Lake in Highland, Scotland

Loch Garry (Scottish Gaelic: Loch Garraidh) is a freshwater loch 25 km north of Fort William, Lochaber, Scotland. Loch Garry is 11 km long and 50 m deep. It is fed by waters from Loch Quoich 10 km upstream on the River Garry, and drains into Loch Oich in the Great Glen just 5 km downstream. Loch Garry is much photographed from the A87 for its romantic setting and also because a quirk of perspective makes it appear like a map of Scotland.

Both lochs have been dammed for the production of hydroelectricity, the dam on Loch Quoich being the largest rockfill dam in Scotland at 320 m long and 38 m high.
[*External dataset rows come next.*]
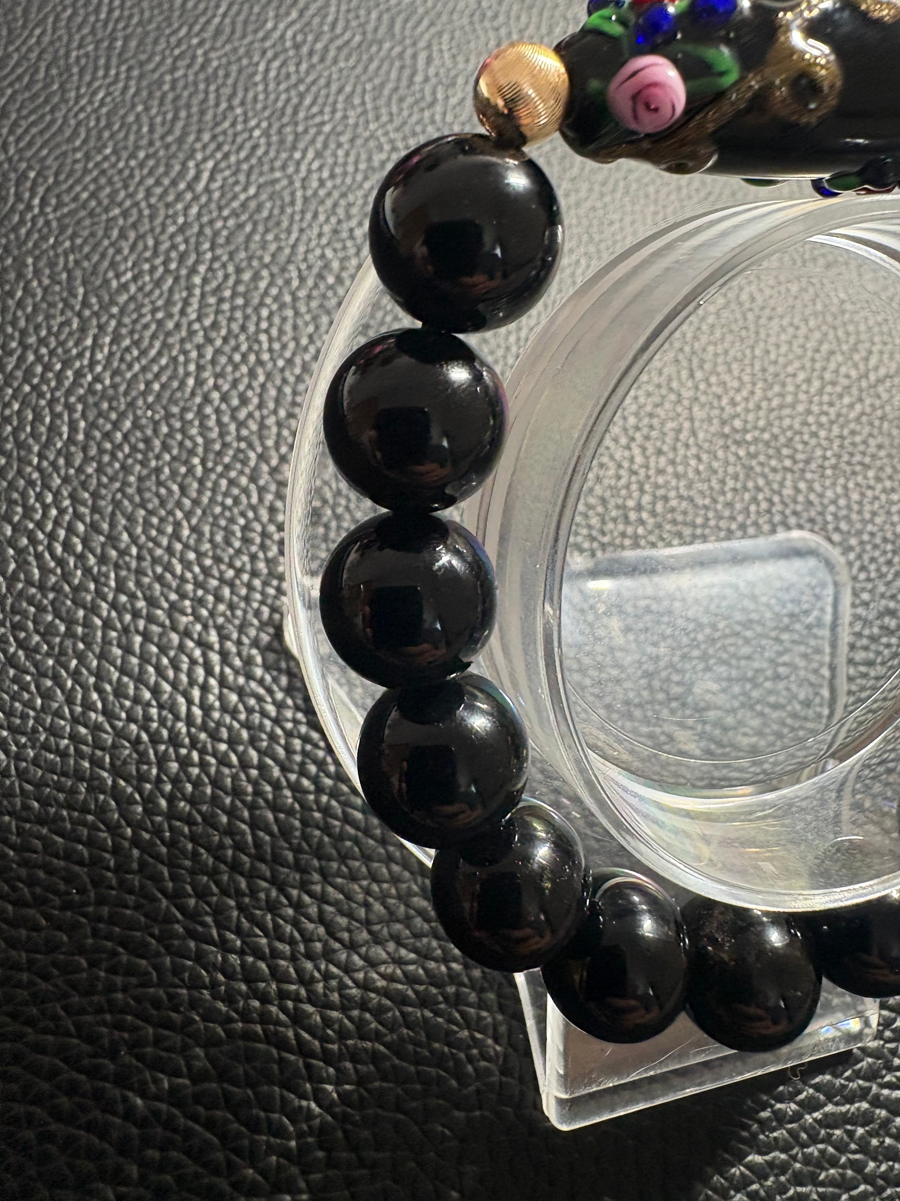 約11.5mmのモリオンを使用し、重厚感と高級感のある仕上がり☆ 艶やかなブラックが全体を引き締め、中央の天珠の個性をより一層引き立てています✨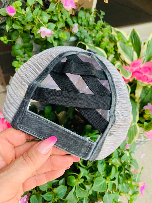 Aint no hood like motherhood Hat Embroidered distressed gray womens trucker cap Mom Mama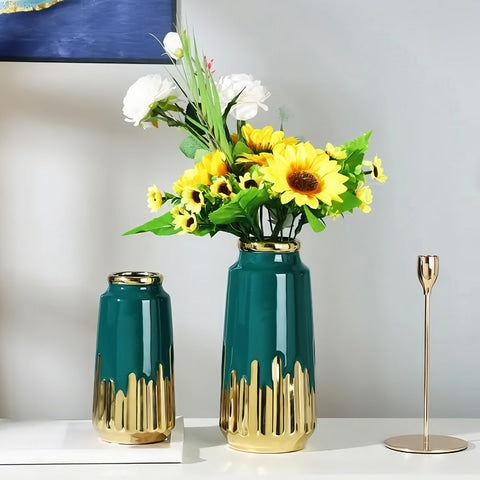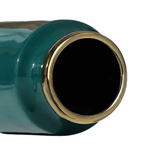 Chaque détail doré contraste avec les teintes du vert profond ou du blanc pur, pour un design distingué et sophistiqué. Attardez-vous quelques instants sur son col plaqué or et son motif qui ressemblent à de magnifiques stalagmites dorées. Sa finition brillante et ses dorures rehaussent l’allure majestueuse de ce vase.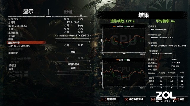 《古墓丽影:暗影》的画质设置为:DX12、1080P、关闭垂直同步、时间抗锯齿、高画质,最终得到平均84帧的成绩,游戏体验相当好。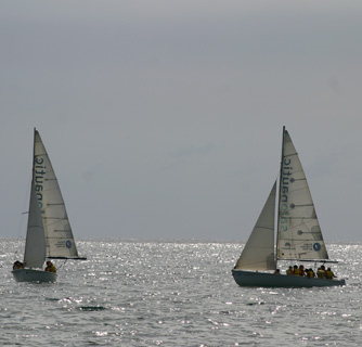 Dentro de cada una de las embarcaciones van tres-cuatro niños/as con terapeutas del centro Escala Iris y monitores de vela.

Water is fed by tunnel to the two power stations each producing 20MW, and the scheme was completed in 1962.

The Glen used to be home of the Clan MacDonell of Glengarry, but since the Highland Clearances the population has been reduced to a handful of estates. The main activities are deer stalking and forestry, with little tourism apart from Munro-baggers seeking some spectacularly remote mountains at the head of the glen. The minor road along the north side of Loch Garry continues past Loch Quoich to Kinlochhourn from where a footpath continues to Knoydart.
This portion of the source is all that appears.